Measure for Measure: William Shakespeare
Measure for Measure: William Shakespeare

Scene III of Act III of Merchant of Venice opens with Shylock exclaiming: “I’ll have my bond; speak not against my bond; I have sworn an oath that I will have my bond.” These very lines are quoted by the Indian Supreme Court's Justice Hrishikesh Roy in the judgment of Small Industries Development Bank of India (SIDBI) v. SIBCO Investment Private Ltd (2022) while rejecting an “unjust claim” of SIDBI seeking interest on belated payment of the principal sum and accrued interest.

How and where do law, morality and Shakespeare intersect? Law being an ass, as it was described by Charles Dickens in Oliver Twist, where is the place of literature in it? And yet we find legal judgments in India and abroad peppered with references from literature, and particularly from Shakespeare’s plays.

While many perceive that law is codification of accepted morality in society, others like the former United States Supreme Court Justice Oliver Wendell Holmes, Jr consider it a folly to connect law exclusively to morality. Justice Holmes argued in his speech delivered at the Boston University in 1897, which was later published in the Harvard Law Review under the title The Path of the Law, that social behaviour was not prompted by morality, but by self-interest. Thus evolved the homo economicus, the economic man.

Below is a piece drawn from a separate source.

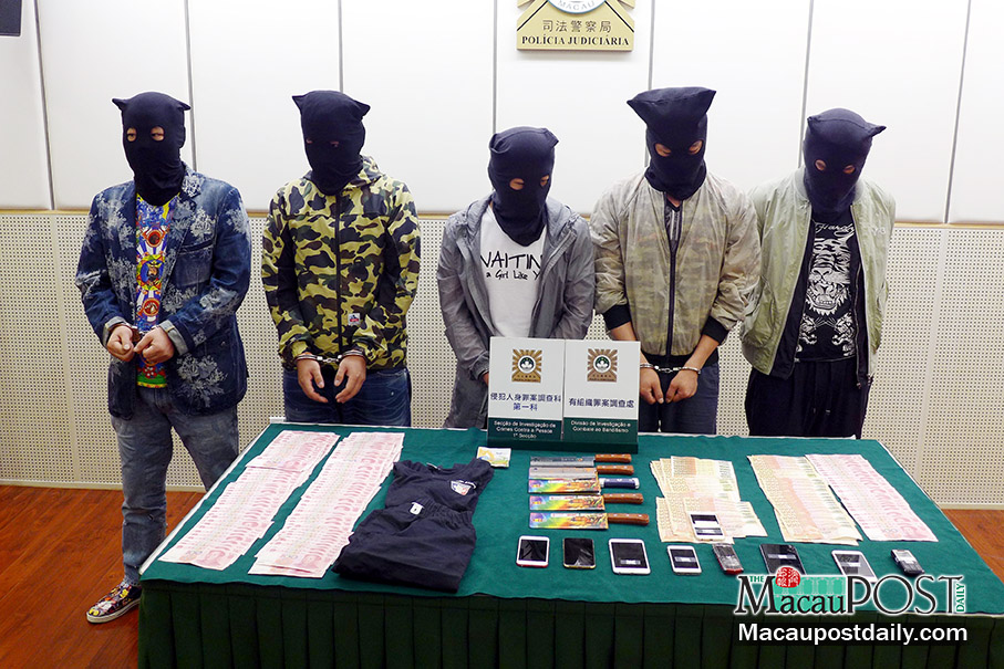 The five suspects pose in a pressroom at the Judiciary Police (PJ) headquarters in Zape, before a press briefing about their case yesterday, with evidence seized by the police on display. Photo: Iong Tat Choi

For the homo economicus, it is more important to know the consequences of actions, than to ponder over the motivation for proscription of behaviours. Since a person’s behaviour will be guided by the cost he pays for contravention, clarity of laws is essential. However, since law cannot provide for all situations, it always requires interpretation and reinterpretation of its letter. It is here that morality and good conscience assumes the high order of significance. The predicaments facing judges are similar to those faced by characters of plays.

Take for example the Supreme Court Advocates-on-Record Association (1993) case calling for a review of the SP Gupta (1981) case regarding the primacy of the Chief Justice of India's view in the matter of appointment of judges to the constitutional courts. Justice Ratnavel Pandian, in his concurring opinion, vexed with the question as to who the letter of the Constitution clothes with primacy during the consultation process, quotes Shylock’s lines in Merchant of Venice, “A Daniel come to judgement! Yea, a Daniel.” These lines are alluded to by the judge to help them reach a wise judgment by a wise judge, just as Shylock beseeched Portia to do so.

Former Chief Justice of India HL Dattu also made reference to the famous lines of Luciana in Shakespeare’s Comedy of Errors that “A man is master of his liberty” while interpreting the width of personal liberty in conflict with preventive detention laws. Guided by these social references, the judges in their opinion in the case of Pebam Ningol Mikoi Devi (2010) interpreted the law of preventive detention to exclude curtailment of personal liberty on grounds extraneous to the object of the Act in question.

The jacket describing the book Cultivating Conscience: How Good Laws Make Good People by Lynn Stout, who served as a professor of law at UCLA School of Law and Georgetown University, states:

“Stout illustrates how our legal system can use these social cues to craft better laws that encourage more unselfish, ethical behaviour in many realms, including politics and business.”

The core of her book rests on the thesis that the conscience of the law makers, interpreters and subjects of law shapes better societies.

The letter of law many a time poses dilemmas in its application to complex situations. The Indian Constitution uses the phrase “in the interest of public order, decency or morality”, specially in Part III, while imposing reasonable restrictions on fundamental freedoms. The unwritten common law, a guiding light for Indian courts, also encourages judges to give judgments in accordance with “justice, equity, and good conscience”.

The letter of law can never be exhaustive, and it is left to the devices of the judges interpreting it to make just results. It is thus the astuteness of a judge, tempered by his legal and social experience, that can draw out the unstated nuances of the law. Given the ass that law is, the application of standards of morality and good conscience found in social references are useful, and usually result in more just decisions.

Vibha Datta Makhija is a Senior Advocate practicing at the Supreme Court of India.